**Exercise aim**
Go to the line with "You and your" in the entries below and write out every line from there through the line with "После завершения установки", exactly and without pictures.

━━━━━ Task inputs

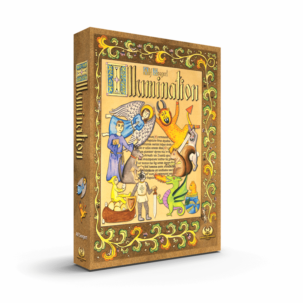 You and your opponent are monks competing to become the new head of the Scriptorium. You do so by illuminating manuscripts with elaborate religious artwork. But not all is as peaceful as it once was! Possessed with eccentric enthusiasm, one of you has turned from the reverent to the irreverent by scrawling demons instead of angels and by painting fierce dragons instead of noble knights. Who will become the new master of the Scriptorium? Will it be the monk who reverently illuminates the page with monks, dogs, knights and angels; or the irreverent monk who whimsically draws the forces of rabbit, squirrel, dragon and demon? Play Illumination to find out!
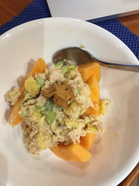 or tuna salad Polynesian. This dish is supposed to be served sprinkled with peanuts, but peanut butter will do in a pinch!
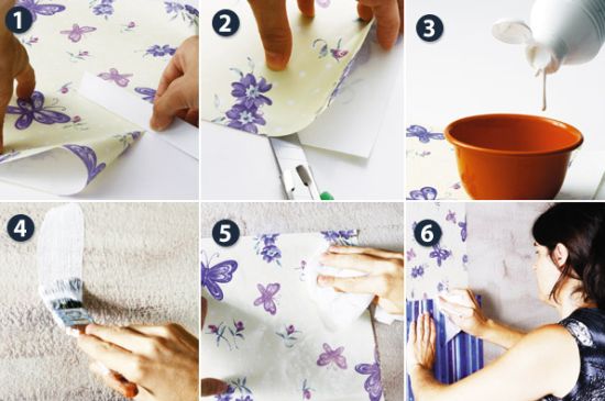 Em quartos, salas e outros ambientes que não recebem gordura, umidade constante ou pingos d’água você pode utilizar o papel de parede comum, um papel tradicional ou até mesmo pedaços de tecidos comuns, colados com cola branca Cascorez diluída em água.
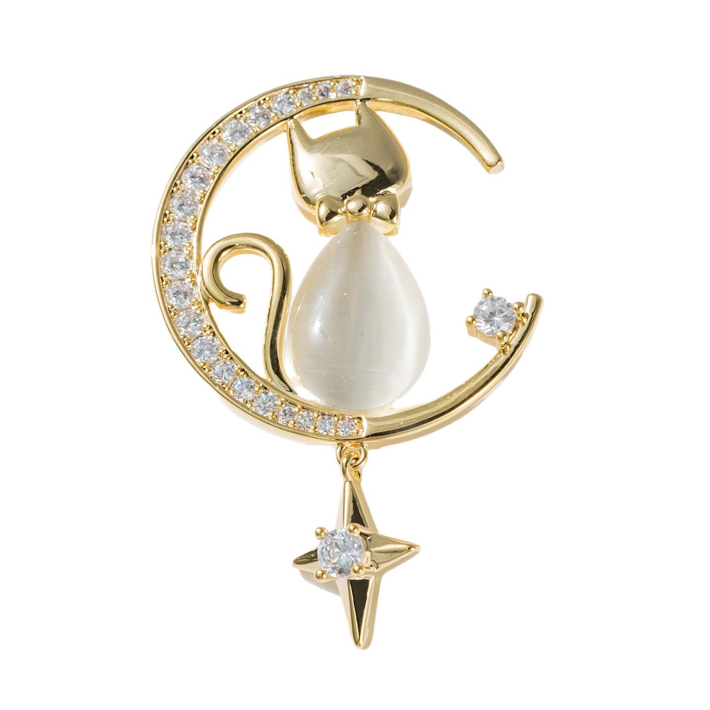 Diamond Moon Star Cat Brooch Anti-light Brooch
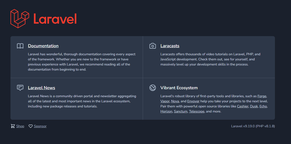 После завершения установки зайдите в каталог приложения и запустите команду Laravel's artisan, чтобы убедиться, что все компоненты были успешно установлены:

━━━━━━━━━━
━━━━━ Task inputs

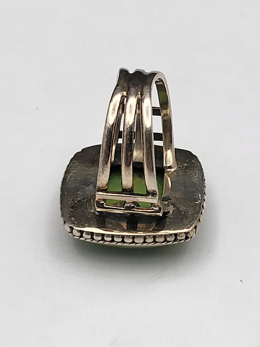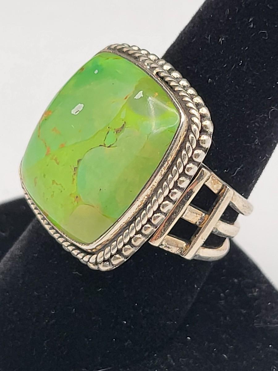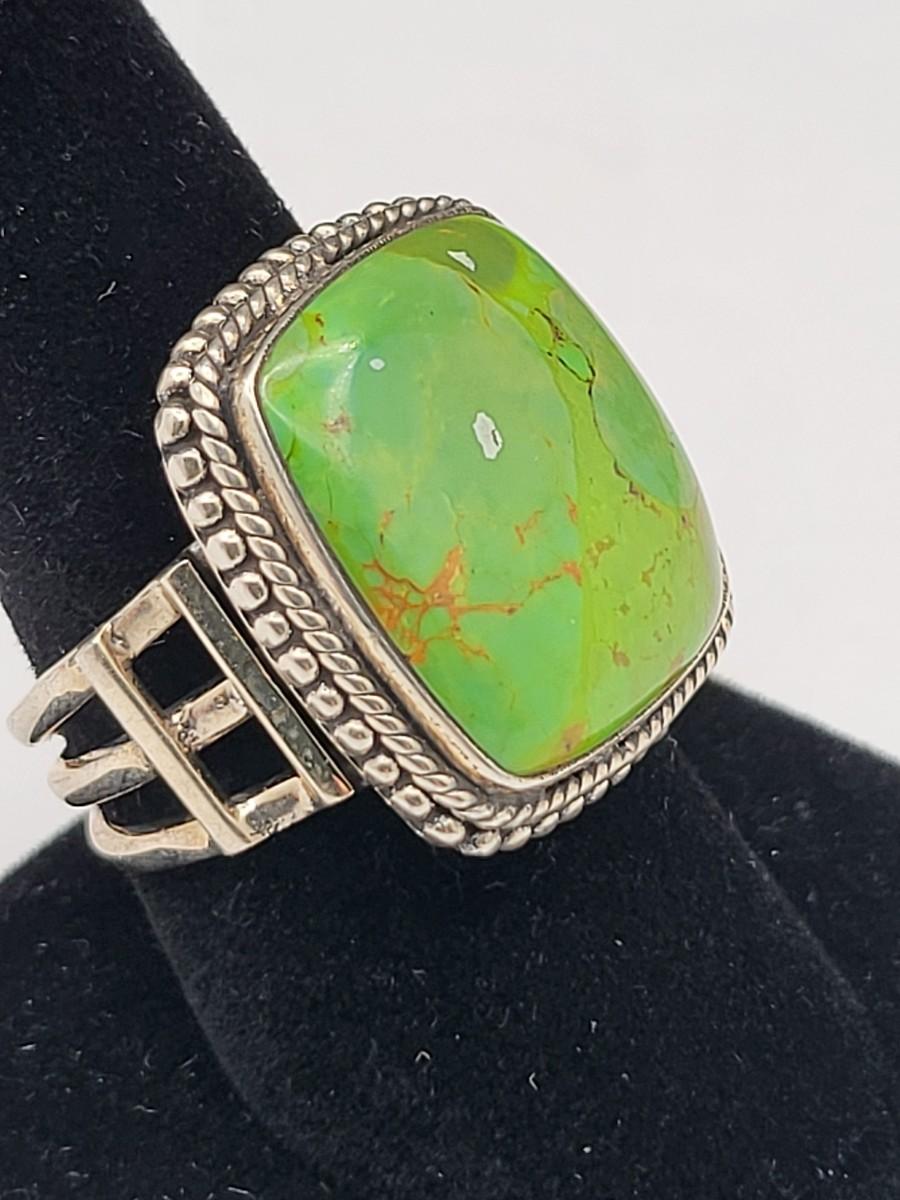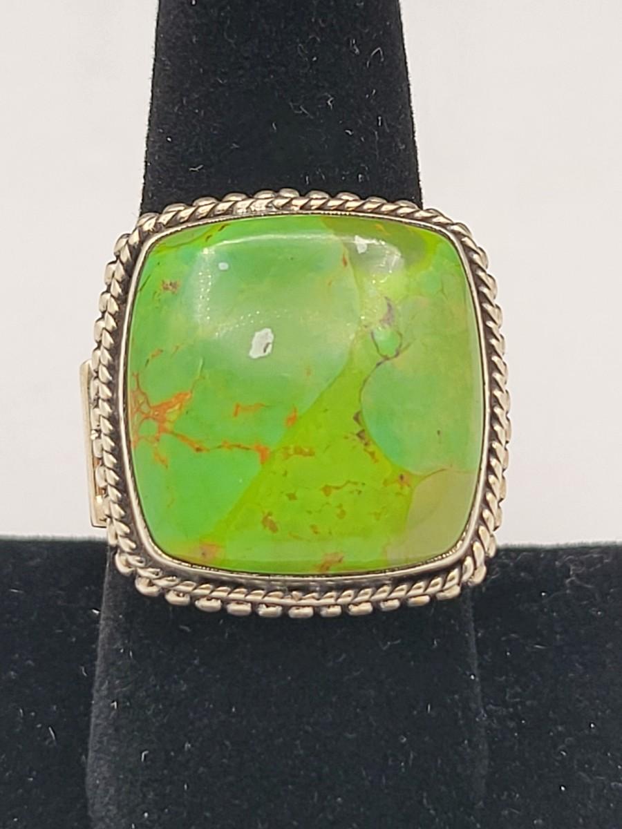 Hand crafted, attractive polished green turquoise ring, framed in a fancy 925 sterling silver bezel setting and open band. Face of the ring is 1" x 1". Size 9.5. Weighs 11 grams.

━━━━━━━━━━
━━━━━ Task inputs

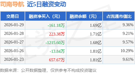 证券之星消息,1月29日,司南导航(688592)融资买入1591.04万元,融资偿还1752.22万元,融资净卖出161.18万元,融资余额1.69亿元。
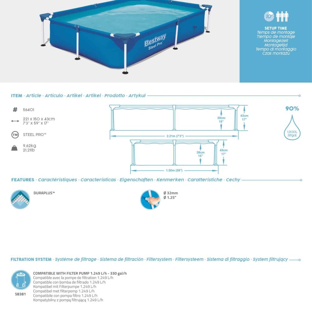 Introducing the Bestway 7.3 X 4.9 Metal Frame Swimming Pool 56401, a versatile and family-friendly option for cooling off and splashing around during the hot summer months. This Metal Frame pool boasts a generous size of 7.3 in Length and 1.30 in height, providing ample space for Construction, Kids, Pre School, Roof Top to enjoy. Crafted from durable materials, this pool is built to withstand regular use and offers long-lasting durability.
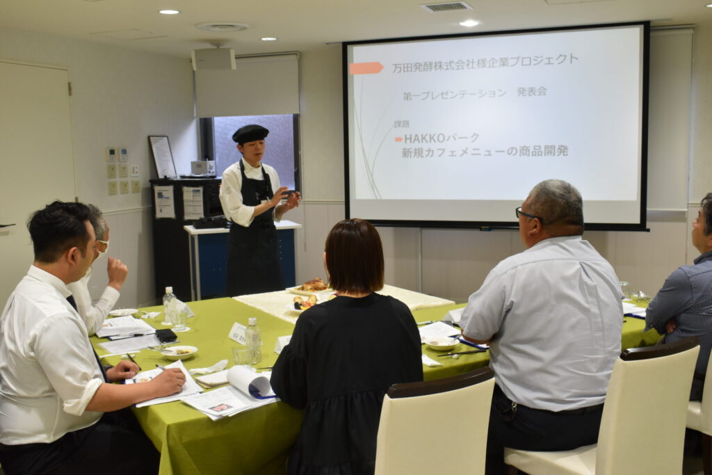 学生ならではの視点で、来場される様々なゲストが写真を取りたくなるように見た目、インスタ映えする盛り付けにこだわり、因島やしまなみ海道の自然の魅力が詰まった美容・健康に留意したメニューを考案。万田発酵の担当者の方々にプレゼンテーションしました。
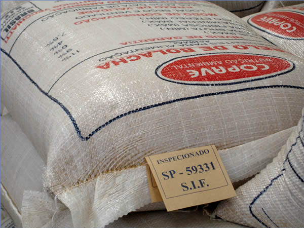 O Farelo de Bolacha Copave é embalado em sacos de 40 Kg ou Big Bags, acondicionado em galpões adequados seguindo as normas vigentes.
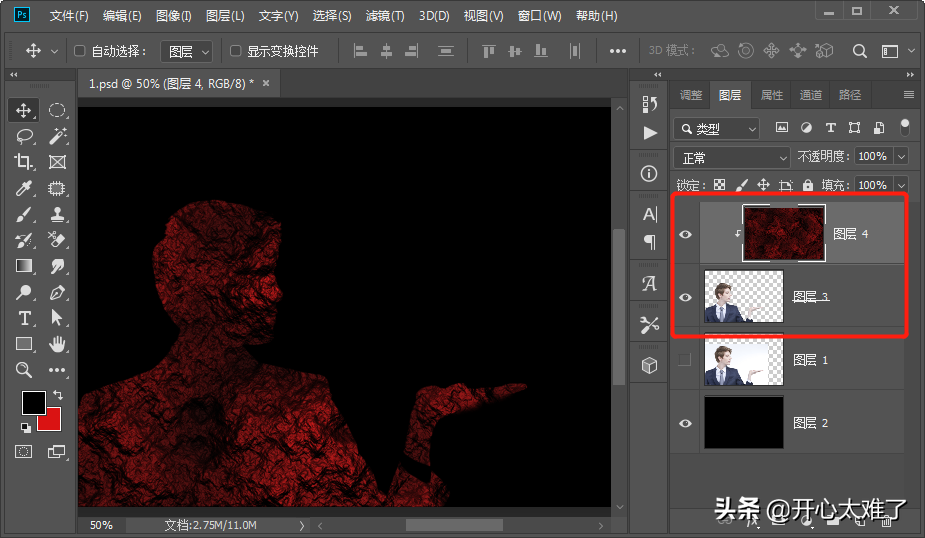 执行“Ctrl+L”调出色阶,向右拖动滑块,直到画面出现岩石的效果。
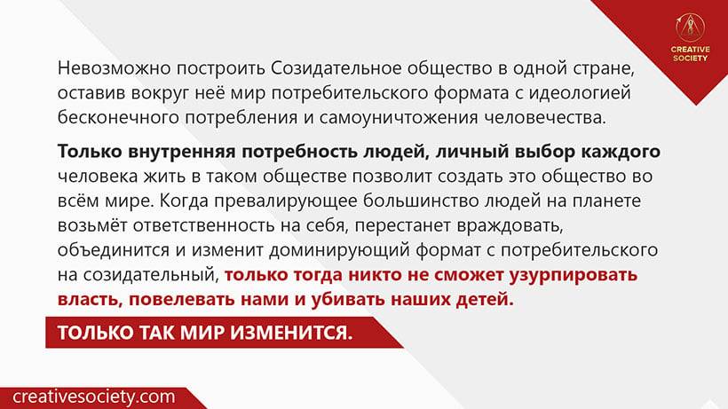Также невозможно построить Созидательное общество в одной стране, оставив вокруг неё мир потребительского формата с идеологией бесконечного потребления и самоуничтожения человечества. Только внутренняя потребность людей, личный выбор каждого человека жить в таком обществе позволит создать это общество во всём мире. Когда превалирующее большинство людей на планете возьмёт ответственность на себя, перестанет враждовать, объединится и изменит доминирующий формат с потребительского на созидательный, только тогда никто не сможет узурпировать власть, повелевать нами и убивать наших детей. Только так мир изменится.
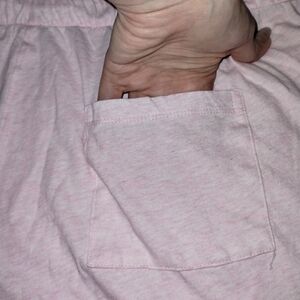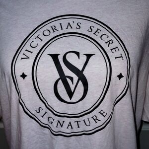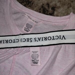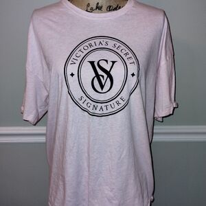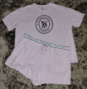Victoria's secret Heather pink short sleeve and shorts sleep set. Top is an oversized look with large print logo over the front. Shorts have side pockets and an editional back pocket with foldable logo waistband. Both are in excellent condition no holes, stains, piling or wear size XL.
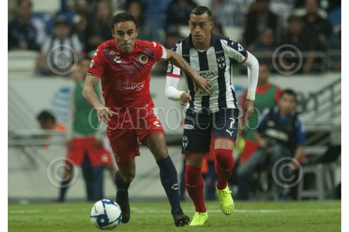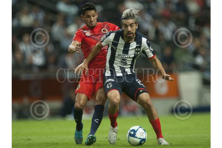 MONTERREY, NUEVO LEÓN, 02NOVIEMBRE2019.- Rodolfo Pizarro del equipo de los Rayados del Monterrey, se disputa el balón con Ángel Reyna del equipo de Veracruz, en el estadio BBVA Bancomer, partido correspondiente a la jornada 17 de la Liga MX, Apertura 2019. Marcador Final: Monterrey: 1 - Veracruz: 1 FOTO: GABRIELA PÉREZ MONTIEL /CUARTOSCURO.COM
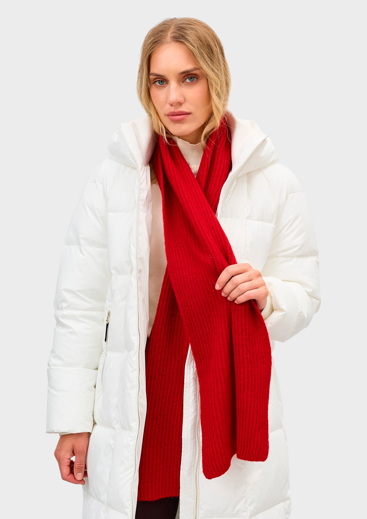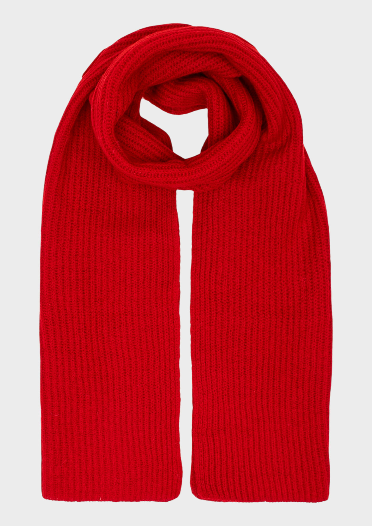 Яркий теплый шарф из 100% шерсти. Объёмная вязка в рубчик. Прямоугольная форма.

━━━━━━━━━━

**Output below**
 You and your opponent are monks competing to become the new head of the Scriptorium. You do so by illuminating manuscripts with elaborate religious artwork. But not all is as peaceful as it once was! Possessed with eccentric enthusiasm, one of you has turned from the reverent to the irreverent by scrawling demons instead of angels and by painting fierce dragons instead of noble knights. Who will become the new master of the Scriptorium? Will it be the monk who reverently illuminates the page with monks, dogs, knights and angels; or the irreverent monk who whimsically draws the forces of rabbit, squirrel, dragon and demon? Play Illumination to find out!
 or tuna salad Polynesian. This dish is supposed to be served sprinkled with peanuts, but peanut butter will do in a pinch!
 Em quartos, salas e outros ambientes que não recebem gordura, umidade constante ou pingos d’água você pode utilizar o papel de parede comum, um papel tradicional ou até mesmo pedaços de tecidos comuns, colados com cola branca Cascorez diluída em água.
 Diamond Moon Star Cat Brooch Anti-light Brooch
 После завершения установки зайдите в каталог приложения и запустите команду Laravel's artisan, чтобы убедиться, что все компоненты были успешно установлены:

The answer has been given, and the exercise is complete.